Where? Do you mean that you printed out the Web page, it happened to come out at 28 pages, and you declared it a “report”?

I started reading that “report” — I don’t have time right now for the whole thing — but I noted that some researchers were testing analogs of the antineoplastons. If we accept, for the sake of argument,that Burzynski really developed a cure for cancer, or even some cancers, and that he has been willfully denying it to dying patients worldwide for his personal enrichment, one would think that those who developed analogs to get around his patents would do the decent thing, prove their findings, and humbly accept the unimaginable fame and fortune that would accrue to the discoverers of a cure for cancer. But somehow their work fifteen years ago doesn’t seem to have led to that result. I wonder why not.

@LW – I also believe that Burzynski’s original patents are just about to expire or may have expired already….making it a moot point.

Kelly Clover,

As you point out, the NCI web site says there is insufficient evidence available to show that antineoplastons are safe and effective at treating cancer. Logically there are two alternative explanations:

1. The evidence exists but has not been published.
2. The evidence does not exist.

If the evidence does not exist, then one may reasonably question what the Burzynski clinic has been doing all these years in their various registered trials. One might also wonder whether the evidence that is available shows a reasonable likelihood of good results in the trials that would be necessary to gather and publish proper evidence of effectiveness and safety.

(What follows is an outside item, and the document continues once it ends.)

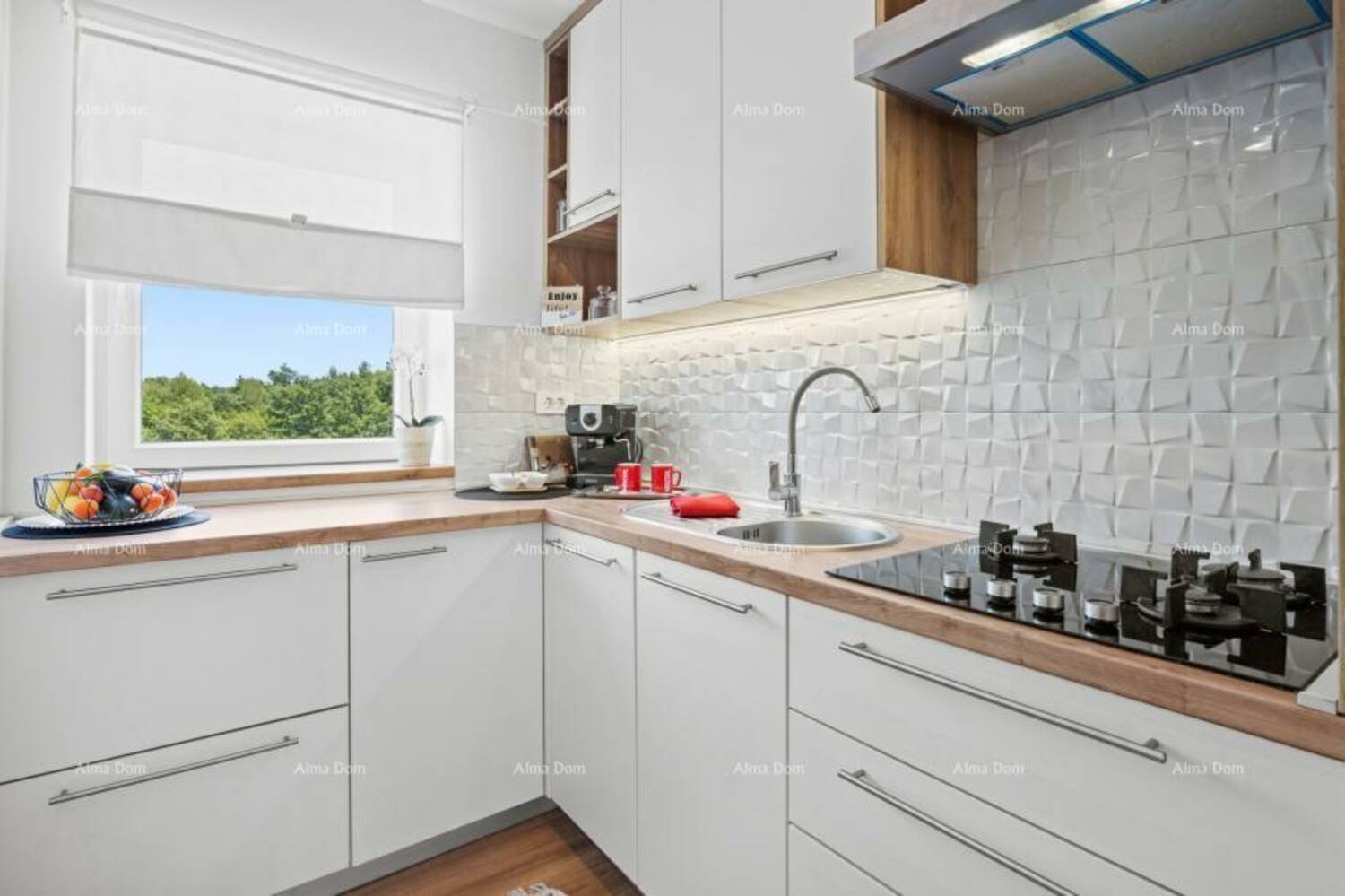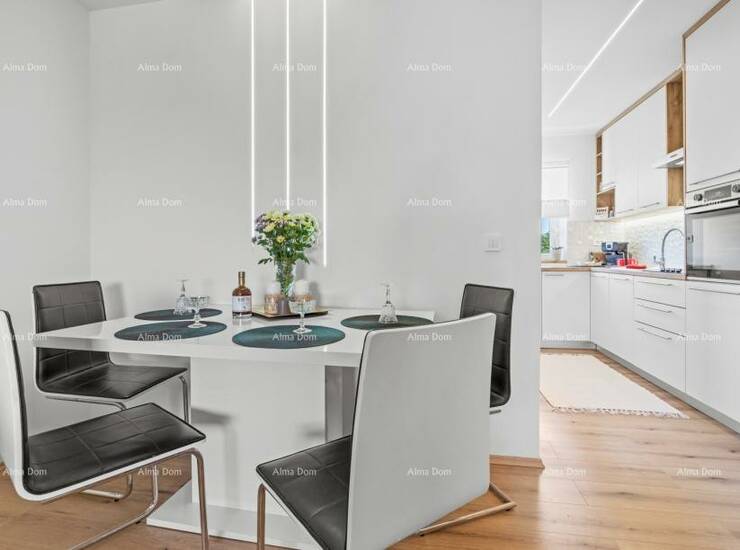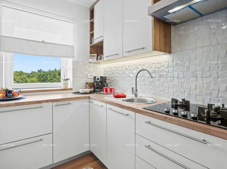 Na katu je potpuno uređen stan od 90 m2 sa pogledom na more.

If the evidence does exist but has not been published, then one might reasonably ask why that is. Various scenarios spring to mind; however, given the time involved and the work that has been claimed I can’t think of a particularly good reason for this.

Dr. Burzyinski and his clinic have been treating people with drugs of unproven effectiveness, and promoting the same actively. If a major pharmaceutical company had worked the same way Dr. Burzynski has worked they would be subject to quite justified criticism and condemnation.